EXERCISE PROMPT ▸
Write out nothing but the lines from the first line of the entries below through the line with "Function meets form"; no pictures go in.

RECORDS SUPPLIED ▸
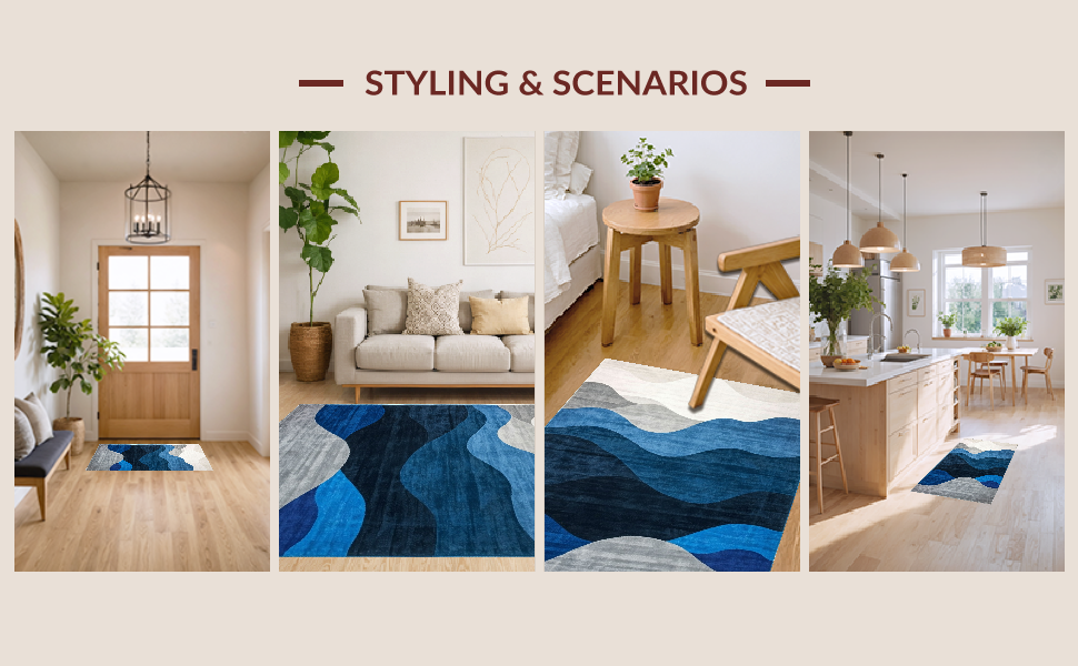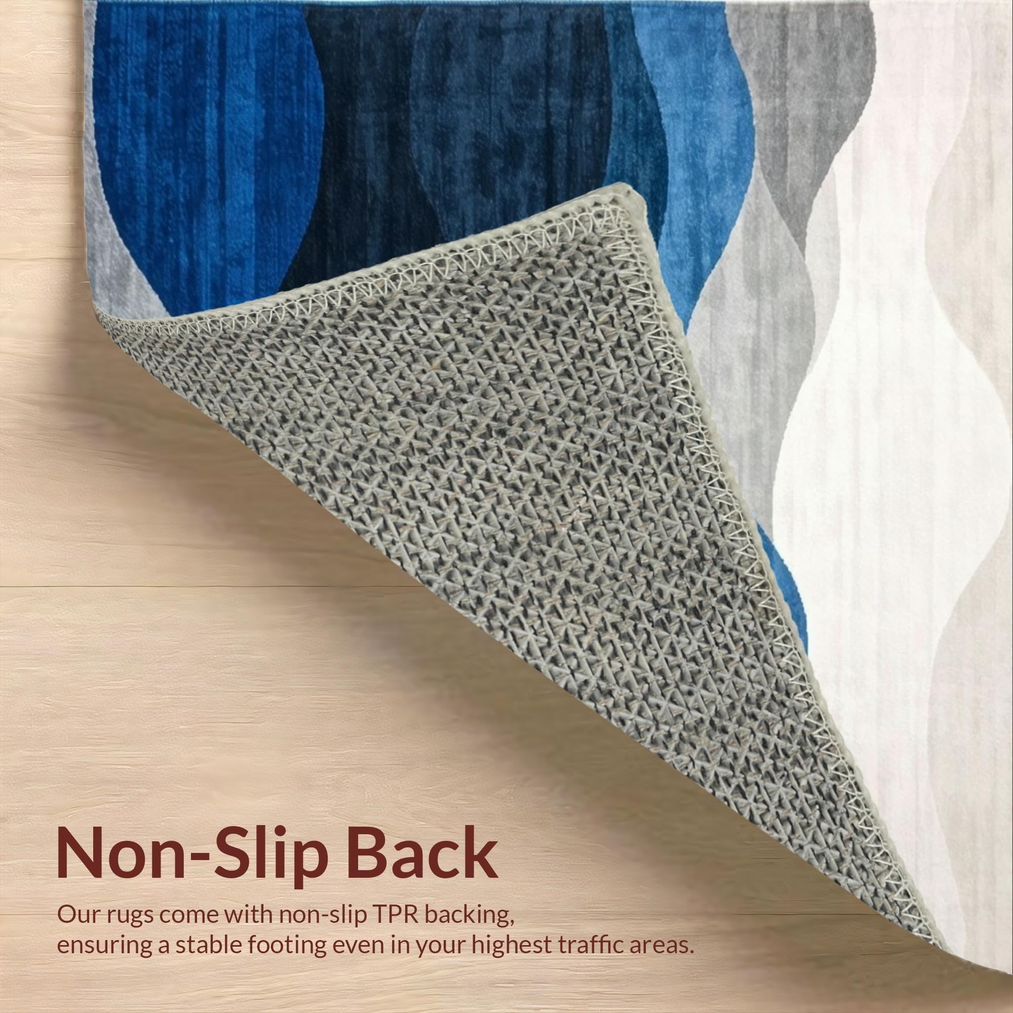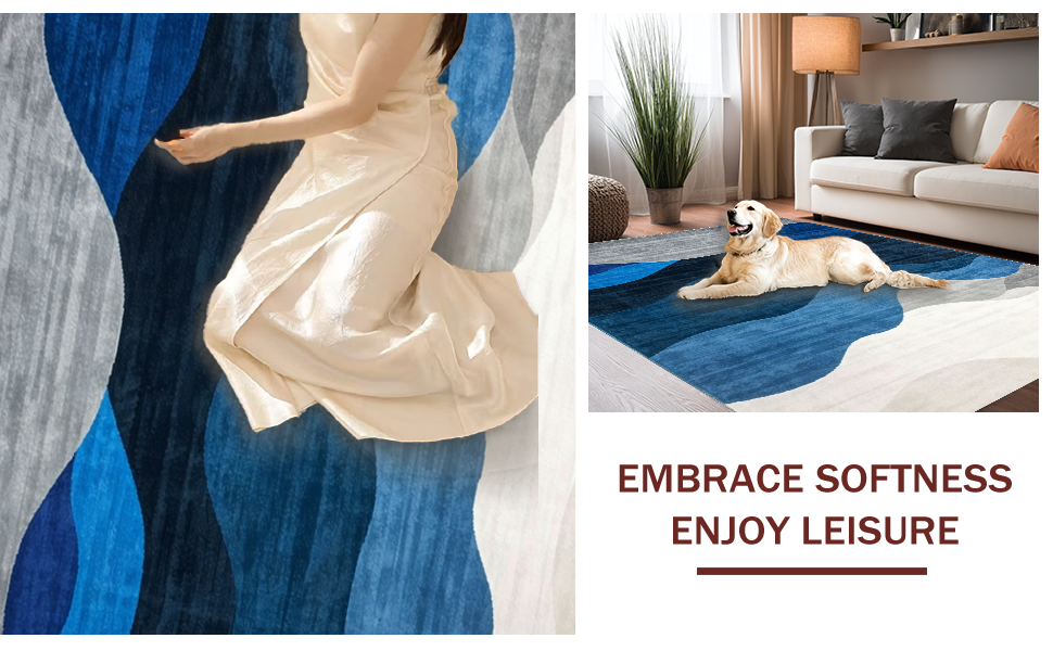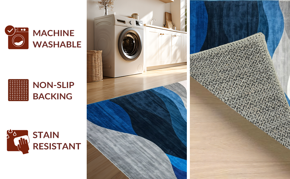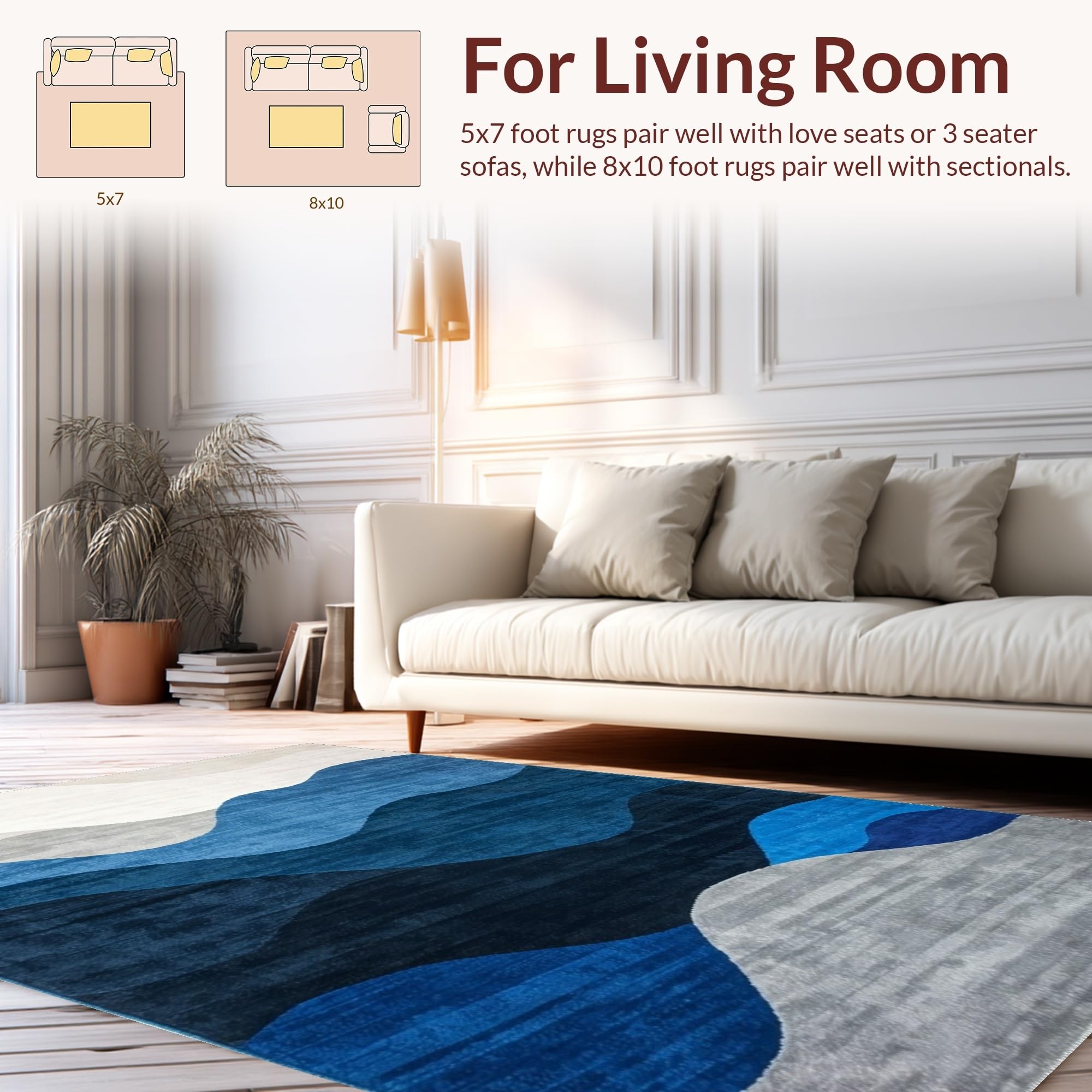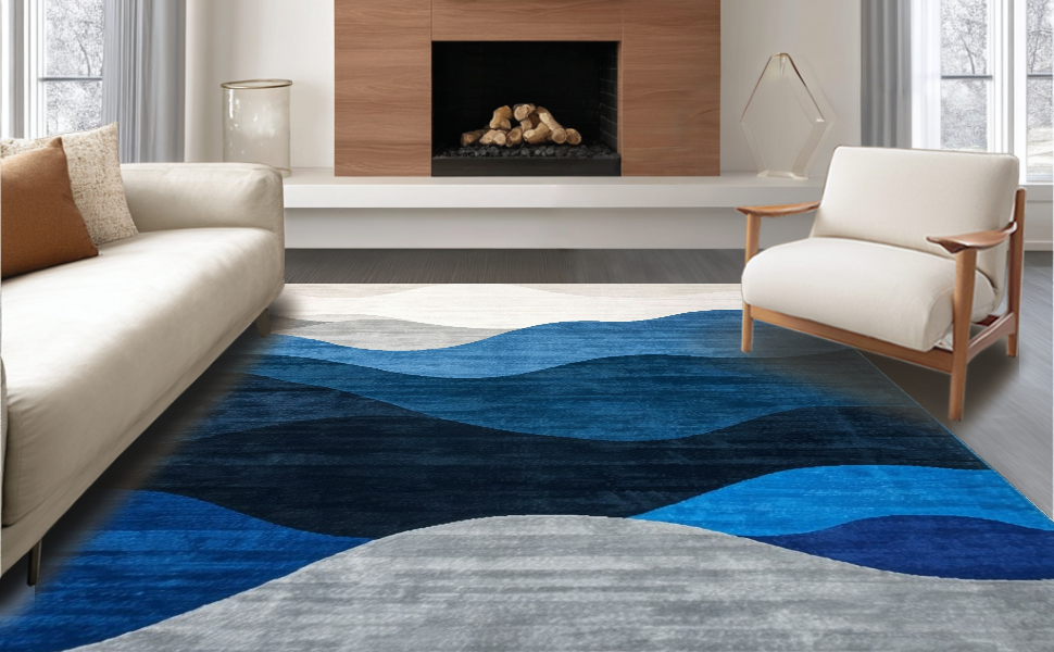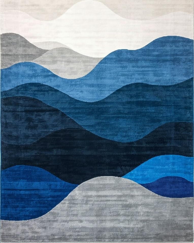Ultra Soft Area Rug, Non Slip, Stain Resistant, Washable Area Rugs for Living Room, Bedroom, Elegant Modern Mixed Media Design(Blue) Overview:
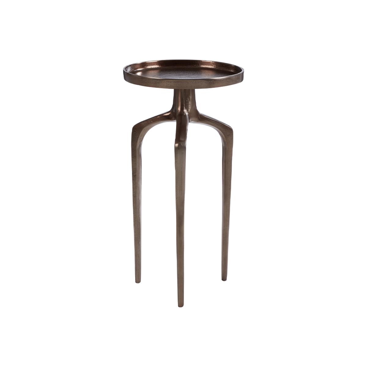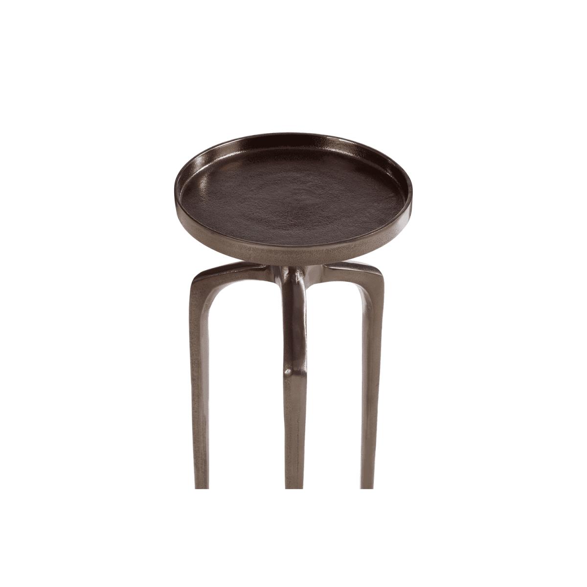 Function meets form with the Octavia side table. With sleek, sculptural legs and a rustic bronze finish, this tactile accent piece offers decorative contemporary design and serves as a stylish sidepiece to your sofa or bedside.
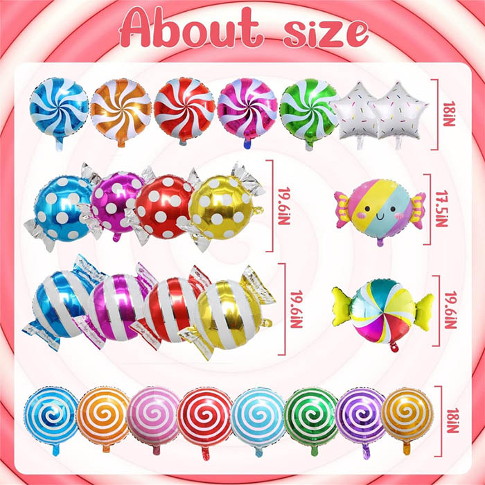 Balóny bonbónů série série jsou v současné době k dispozici v různých barvách a stylech a vytvářejí novou dekoraci večírku s tematikou cukrovinek pro dospělé, děti, chlapce, dívky a lidi všech věkových skupin. Světlé a barevné vánoční bonbóny tematické balóny, roztomilé lollipop tematické party fólie fólie balón oblek je roztomilý doplněk k vaše narozeninové tématické dekoraci večírku. Candy fólie balón se dokonale shoduje s dalšími dekoracemi večírku na bonbóny a vytváří krásný dárek, pozadí a fotografické rekvizity pro přátele, kteří mají rádi lízátka.
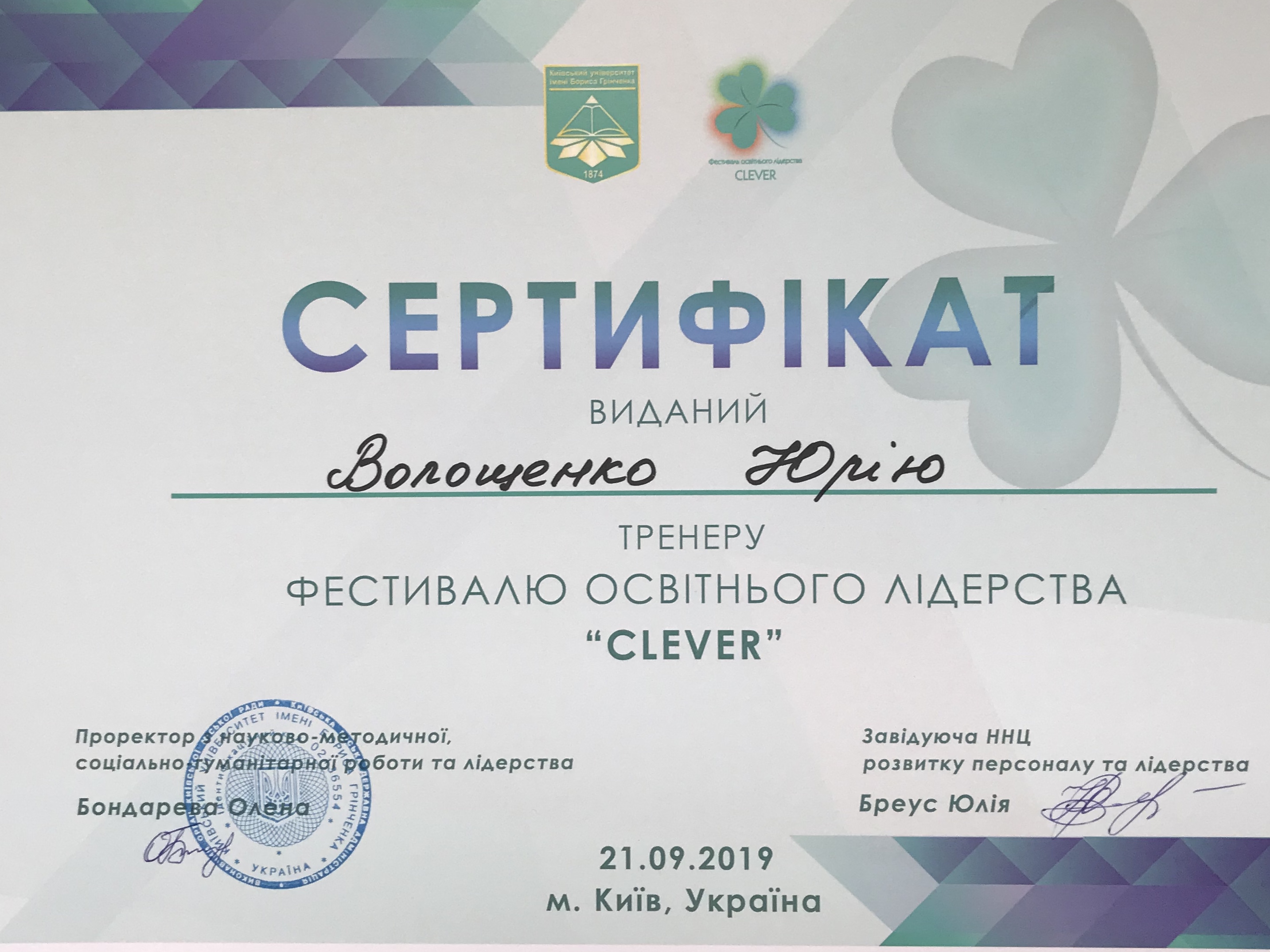 | 4344 | Фестиваль освітнього лідерства "CLEVER" | Соматичний підхід в роботі з власним тілом | м. Київ, Київський університет імені Бориса Грінченка |
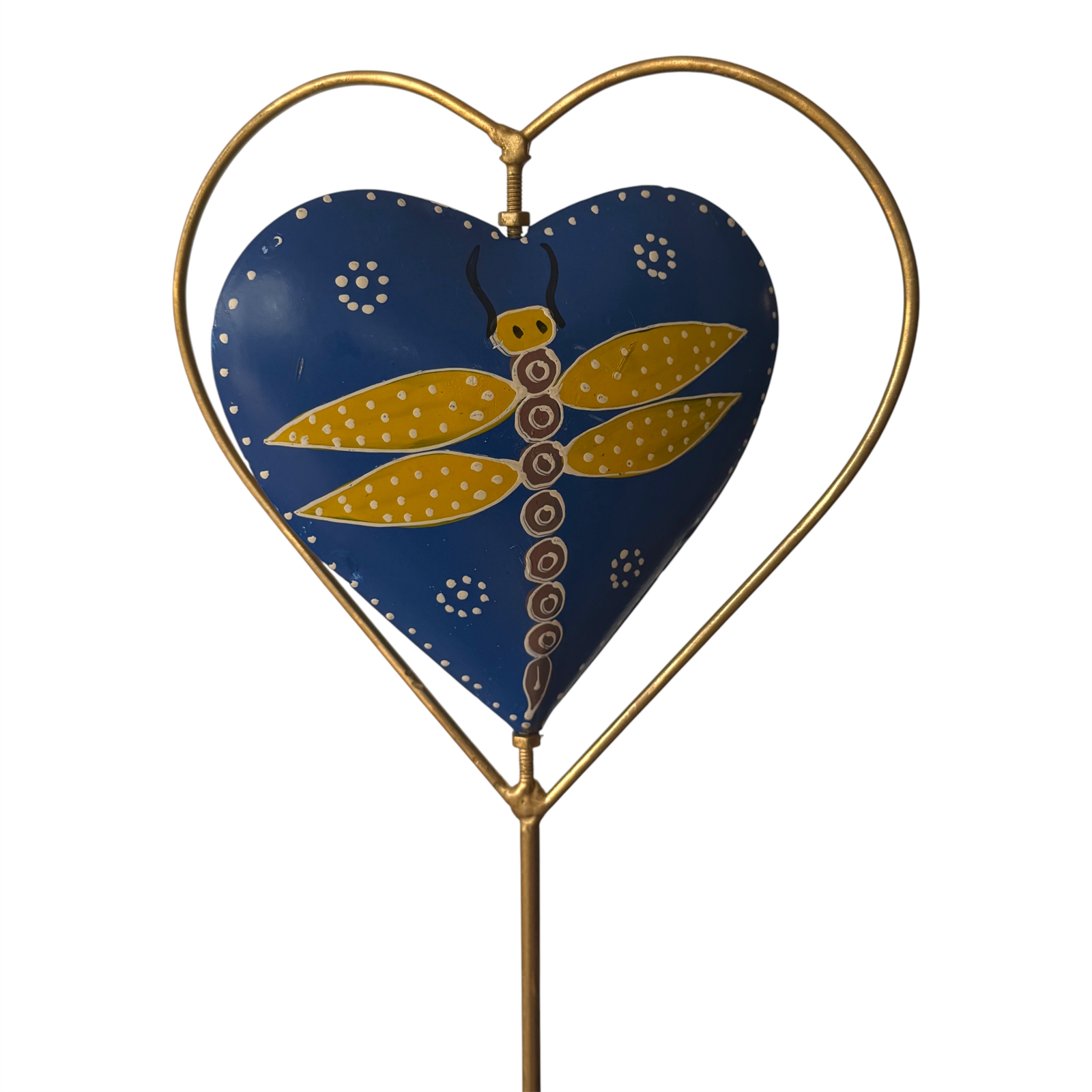 Bring vibrant color and joyful motion to any outdoor space with our Metal Twirling Heart Garden Stake. Each heart is beautifully hand-painted on both sides with intricate detail and set within a gold-painted metal frame that gently twirls in the breeze.

SOLUTION TO THE EXERCISE ▸
Ultra Soft Area Rug, Non Slip, Stain Resistant, Washable Area Rugs for Living Room, Bedroom, Elegant Modern Mixed Media Design(Blue) Overview:
 Function meets form with the Octavia side table. With sleek, sculptural legs and a rustic bronze finish, this tactile accent piece offers decorative contemporary design and serves as a stylish sidepiece to your sofa or bedside.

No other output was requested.